Het voorgaande leidt de president tot de conclusie dat er geen wettelijke grondslag valt aan te wijzen waarop verlenging van de gewraakte toelatingen in een geval als het onderhavige
kan worden gebaseerd. Door toch tot verlenging van deze toelatingen over te gaan, terwijl verweerder tezelfdertijd concludeert dat de in geding zijnde bestrijdingsmiddelen niet voldoen aan bij en krachtens de artikelen 3 en 3a van de Wet gestelde criteria en
verweerder de aangevallen besluiten in zoverre zelf als definitief heeft gekenmerkt, heeft verweerder deze besluiten, naar voorlopig oordeel van de president, genomen in strijd met de Wet.
De president ziet hierin aanleiding voor het treffen van de gevraagde voorlopige voorziening, in die zin dat de besluiten van 31 oktober 2000, waarbij de toelatingen van de onderhavige bestrijdingsmiddelen tot 1 april 2001 zijn verlengd, worden geschorst, onder meer onder de bepaling dat deze middelen worden behandeld als waren de toelatingen niet verlengd.
Wat de spoedeisendheid betreft neemt de president in aanmerking dat, gelet op hetgeen partijen over en weer over het gebruik van de onderhavige bestrijdingsmiddelen tot de maand april hebben opgemerkt, in ieder geval aannemelijk is dat deze middelen ook tot
1 april in in aanmerking te nemen mate plegen te worden toegepast.
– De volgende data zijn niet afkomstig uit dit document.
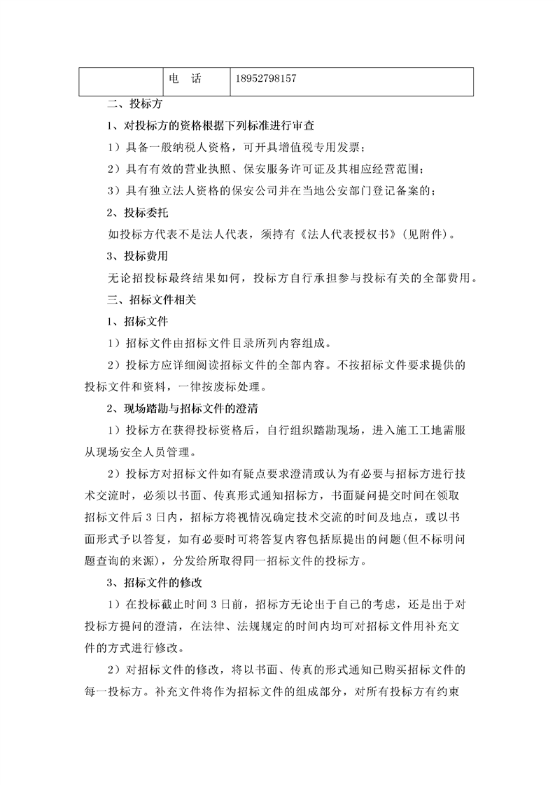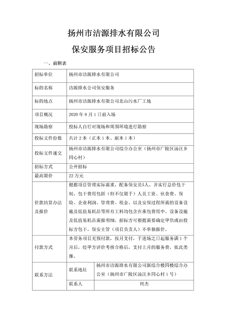 潔源排水公司保安服務(wù)招標文件(北山污水廠工地).docx

Gelet hierop, in aanmerking genomen de overwegingen van de president om bij uitspraak van 8 september 2000, nrs. 00/599 e.v., niettemin de verzoeken om voorlopige voorziening toen af te wijzen, zulks in samenhang bezien met de omstandigheid dat - met name in het
licht van hetgeen verweerder zelf omtrent het karakter van de aangevallen besluiten heeft aangevoerd en hetgeen Zeneca daar van haar kant thans tegenover heeft gesteld - een in beroep houdbare reparatie van deze besluiten niet waarschijnlijk is, heeft verzoekster bij het treffen van het - primair - gevraagde, te weten schorsing van deze besluiten, voldoende spoedeisend belang.